▸ Your task
Exact transcription, pictures omitted: begin at the top line of the records below and end with the line bearing "За результативную работу".

(Items from a dataset)
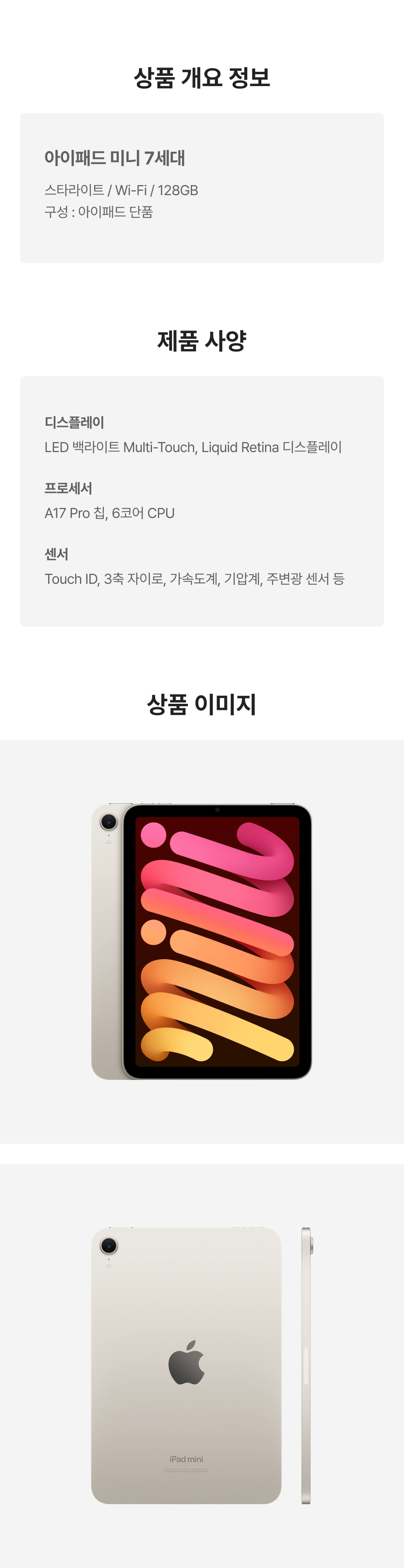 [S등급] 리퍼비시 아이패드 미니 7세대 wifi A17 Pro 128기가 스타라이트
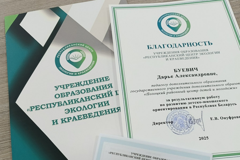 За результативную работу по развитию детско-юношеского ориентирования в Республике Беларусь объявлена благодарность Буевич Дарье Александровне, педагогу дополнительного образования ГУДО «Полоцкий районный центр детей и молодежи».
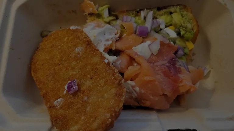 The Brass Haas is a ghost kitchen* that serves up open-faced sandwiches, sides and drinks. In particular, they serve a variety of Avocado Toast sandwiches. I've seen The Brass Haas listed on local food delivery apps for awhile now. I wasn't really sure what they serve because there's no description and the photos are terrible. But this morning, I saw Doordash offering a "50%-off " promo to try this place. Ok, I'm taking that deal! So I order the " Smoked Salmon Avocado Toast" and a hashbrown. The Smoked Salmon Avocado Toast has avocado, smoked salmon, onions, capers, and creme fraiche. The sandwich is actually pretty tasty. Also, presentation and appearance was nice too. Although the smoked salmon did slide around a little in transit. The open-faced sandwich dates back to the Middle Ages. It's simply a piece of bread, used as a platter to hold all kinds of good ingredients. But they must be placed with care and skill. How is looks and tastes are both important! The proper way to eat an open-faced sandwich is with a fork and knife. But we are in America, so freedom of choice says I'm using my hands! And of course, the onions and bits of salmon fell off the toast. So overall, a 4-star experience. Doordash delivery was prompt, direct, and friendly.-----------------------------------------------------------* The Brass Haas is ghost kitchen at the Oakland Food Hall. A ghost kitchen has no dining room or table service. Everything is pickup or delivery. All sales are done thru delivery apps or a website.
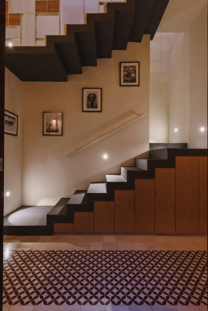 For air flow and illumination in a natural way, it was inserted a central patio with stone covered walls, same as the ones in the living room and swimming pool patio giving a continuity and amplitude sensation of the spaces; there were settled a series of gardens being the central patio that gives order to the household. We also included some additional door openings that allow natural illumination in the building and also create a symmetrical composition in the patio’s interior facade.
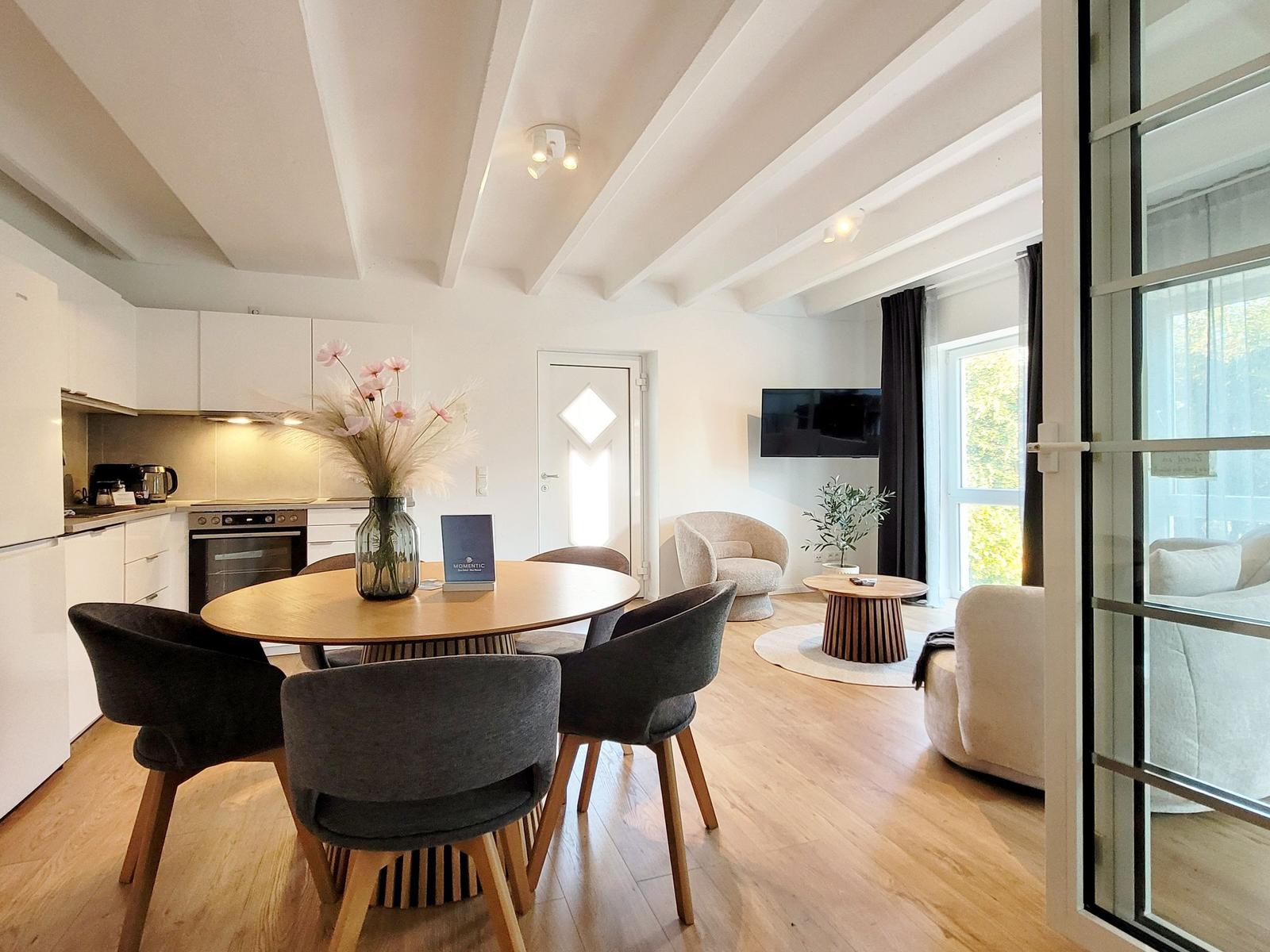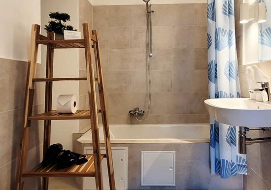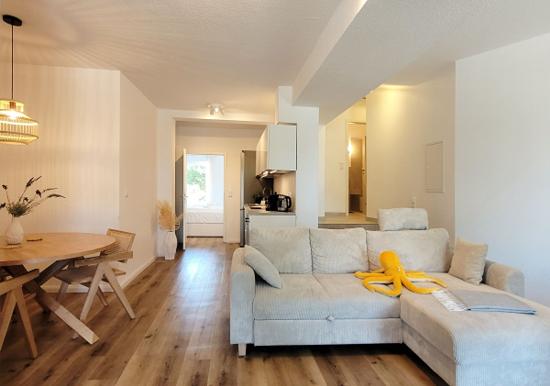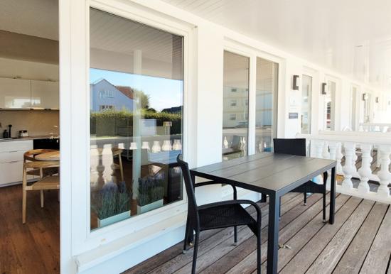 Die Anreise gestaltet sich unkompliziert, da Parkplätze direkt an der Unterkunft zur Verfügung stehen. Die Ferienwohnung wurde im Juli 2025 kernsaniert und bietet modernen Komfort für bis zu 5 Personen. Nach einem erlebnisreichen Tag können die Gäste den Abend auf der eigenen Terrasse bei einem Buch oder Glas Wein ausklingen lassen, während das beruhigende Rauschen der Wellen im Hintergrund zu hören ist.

▸ Answer space
 [S등급] 리퍼비시 아이패드 미니 7세대 wifi A17 Pro 128기가 스타라이트
 За результативную работу по развитию детско-юношеского ориентирования в Республике Беларусь объявлена благодарность Буевич Дарье Александровне, педагогу дополнительного образования ГУДО «Полоцкий районный центр детей и молодежи».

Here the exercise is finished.